Complex Spreadsheets Standing in the Way of Progress
To succeed in a hyper-competitive environment, the business must be able to make informed decisions and move on with speed. This requires the company to incorporate a flexible budgeting and forecasting framework that helps it to instantly develop and analyze different scenarios.
A lot of companies are incapable of producing this analysis quickly, mainly because the majority of systems in place are not essentially fit for purpose. Complex spreadsheets only the creator understand are dominant.
Challenges arise when individuals attempt to add additional budget and forecast line items or change formulas and are unable to do so. The file is sent back to the creator for amendments.
This review-revise-redistribute cycle increases data latency and slows down decision making.
Finance should replace complex spreadsheets with new collaborative technologies. This will help streamline and standardize FP&A. Cloud solutions improve collaboration and response times between users, enhance governance and control by reducing version control problems. Also, the likelihood of input errors getting unnoticed is reduced.
Centralizing budgeting and forecasting across the business ensures that inputs to the process follow common standards and classifications. This reduces the need for people to add additional budget and forecast line items, helps track progress across all business areas and enable easy re-forecasting without changing the entire model.

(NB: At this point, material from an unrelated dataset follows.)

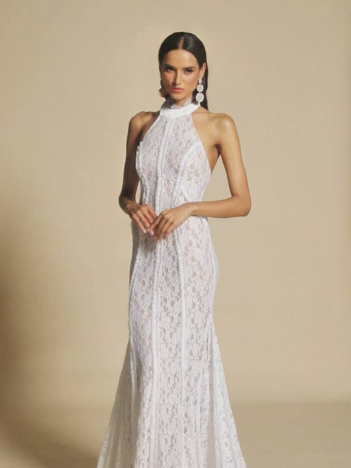 Elevate your elegance with the Oorjita Halterneck Lace Maxi Dress. Crafted with intricate lace and a flattering halterneck design, this dress offers both sophistication and comfort. Its flowing maxi length enhances your silhouette, making it perfect for special occasions or evening events. Feel confident and graceful wherever you go in this stunning statement piece.

Given this current world of advanced analytics and IoT, machines keep on getting smarter. Leveraging improved computing power, they are now able to aggregate large data sets, identify patterns and correlations and inform predictions within shorter time frames.

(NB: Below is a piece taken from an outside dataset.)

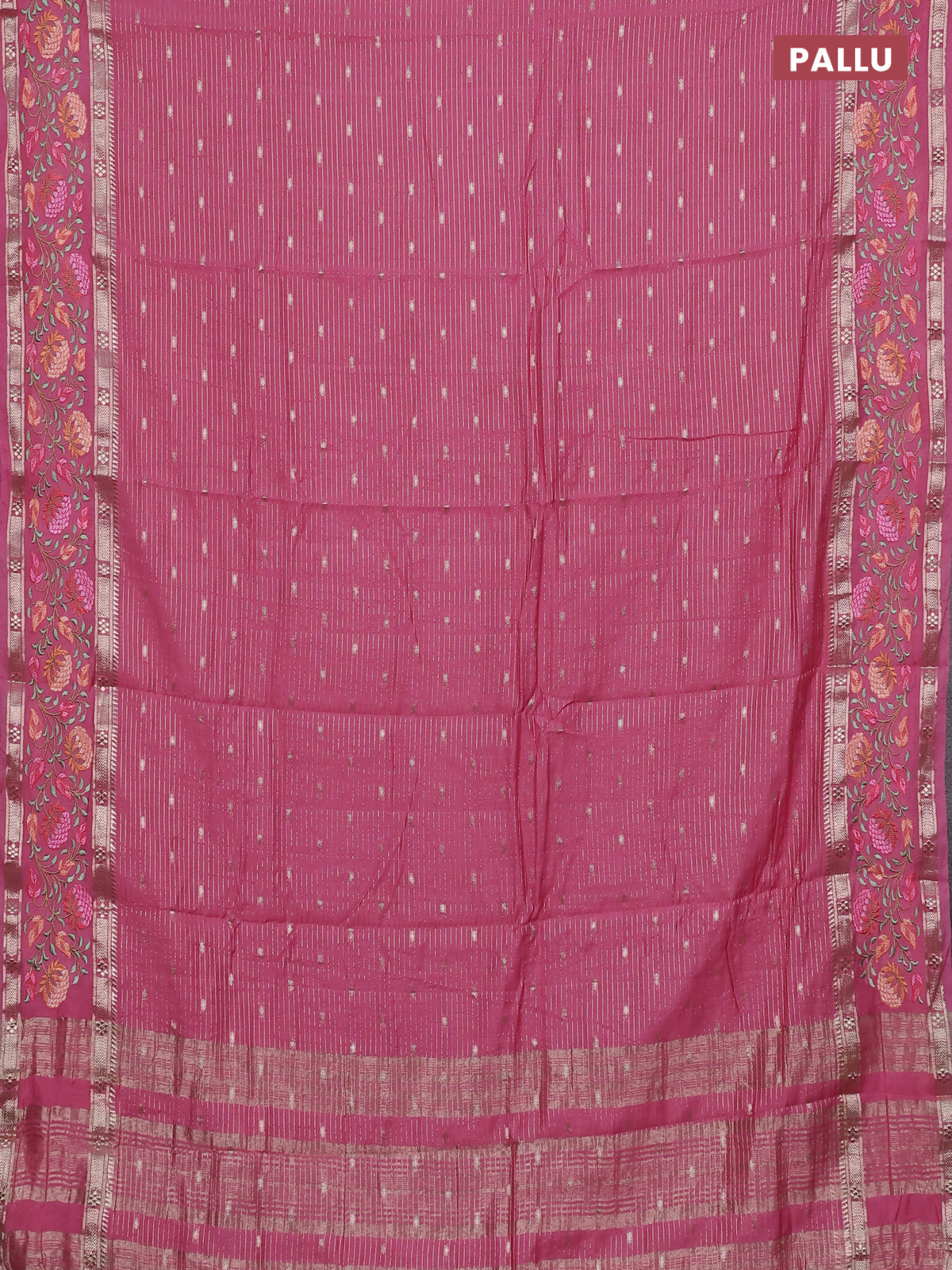Semi chanderi saree pink shade with allover zari weaves & buttas and floral embroidery border

Although adoption of emerging technologies is not yet mainstream, the potential for companies to augment human and machine capabilities and shift from reactive to anticipatory driver-based planning is massive.
Budgeting and forecasting transformation is not achievable overnight. Learn from past failures and understand why a prediction went wrong. The idea is not to seek certainty, but rather to influence the future.
Instead of setting the organization on a particular path, Finance should focus on identifying a range of potential outcomes and help decision makers make rational strategic decisions based on the most plausible set of scenarios.